For her work on the show, Flood was twice nominated for the Daytime Emmy Award in the category of Outstanding Lead Actress in a Drama Series, in 1982 and 1984.

After Edge of Night, Flood continued to act in daytime dramas. She was cast in a succession of shorter-term and recurring roles, playing Ella Hobbs, a villain on Search for Tomorrow, who tried to kill the show's leading character, Joanne, and played a variety of society matrons on Another World (Rose Livingston, 1986–1987), One Life to Live (Mrs. Guthrie, 1991), and As the World Turns, recurring from 1992 to 1993 as business executive Ruth Mansfield.
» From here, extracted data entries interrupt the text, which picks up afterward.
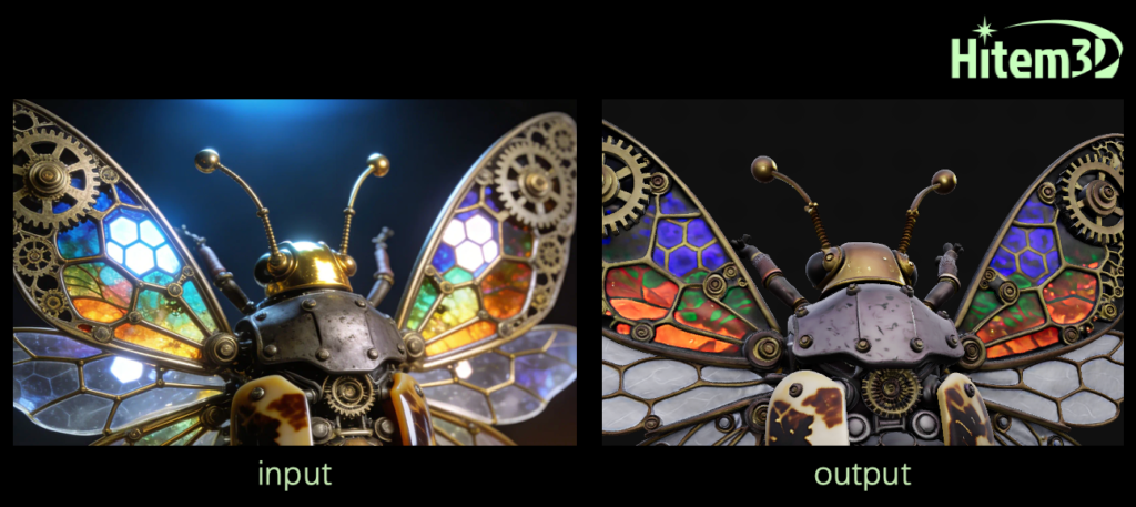 Beyond structure, Hitem3D 2.0 eliminates the “baked-in” lighting artifacts that typically muddy texture data. Using the mechanical butterfly as a benchmark, the system intelligently neutralizes blue spotlight interference in source images.
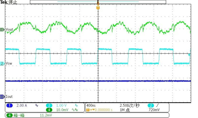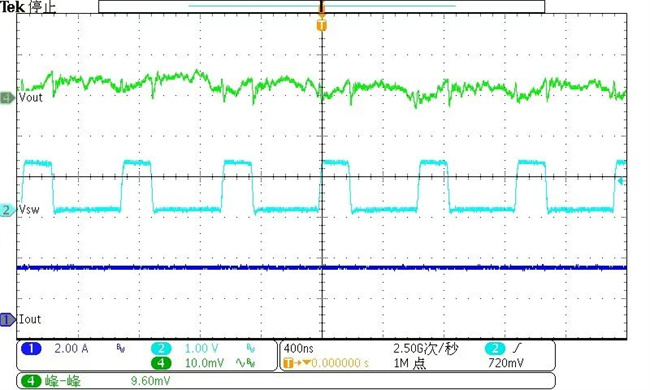 測試結(jié)果:紋波VPP =9.6mV, 11.2mV
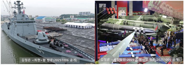 북한이 공개한 최현함과 국방발전 2025 행사장. 자료 | 유용원 의원실
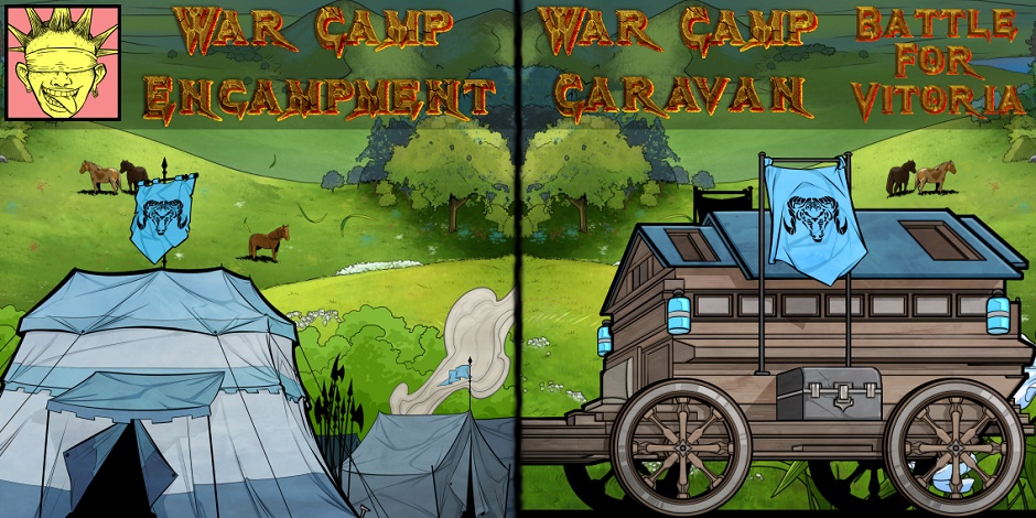 There are two forms that a war camp can take. The initial starting form is an Encampment. As an encampment the war camp can Deploy units within its surrounding borders. As a game session progresses, players can have their war camp Convert into the alternate Caravan form. As a caravan the war camp is able to Move around the battle map. However, this conversion also means that the war camp loses the ability to deploy units until it converts back into an encampment.
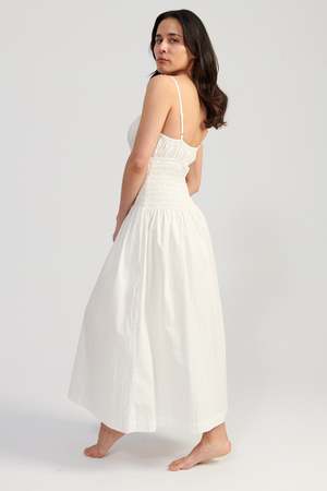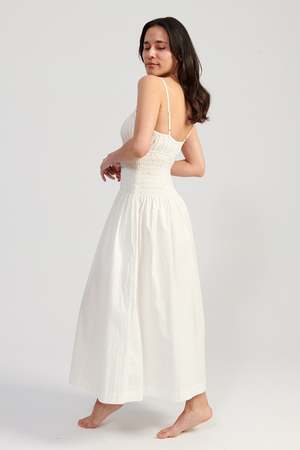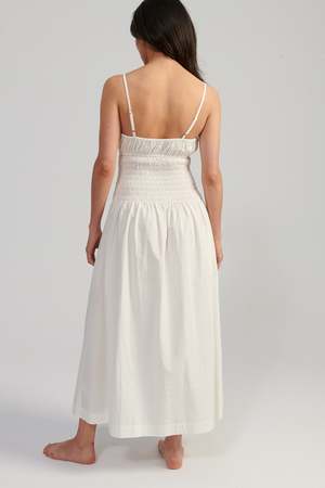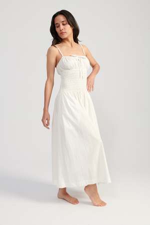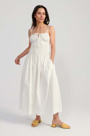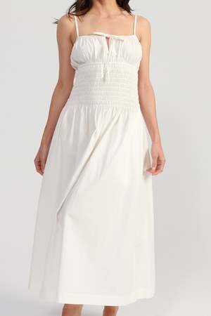 The Barbara Dress is a spaghetti strap midi dress featuring a keyhole tie at the bust and a smocked bodice. Straps are adjustable.

In 1987, she joined the cast of All My Children playing the recurring role of Bitsy Davidson, Cecily's snooty mother, and was briefly under contract to the show. Her last appearance aired in January 1990.

Other work included guest-starring roles in prime-time TV programs such as The Cosby Show, and a role in the 1988 feature film, Mystic Pizza.

==Personal life and death==
Flood was married since 1952 to sportscaster and media network executive Herb Granath until his death in 2019. She had three sons and one daughter.

Flood died in Stamford, Connecticut, on October 7, 2022, five weeks before her 90th birthday.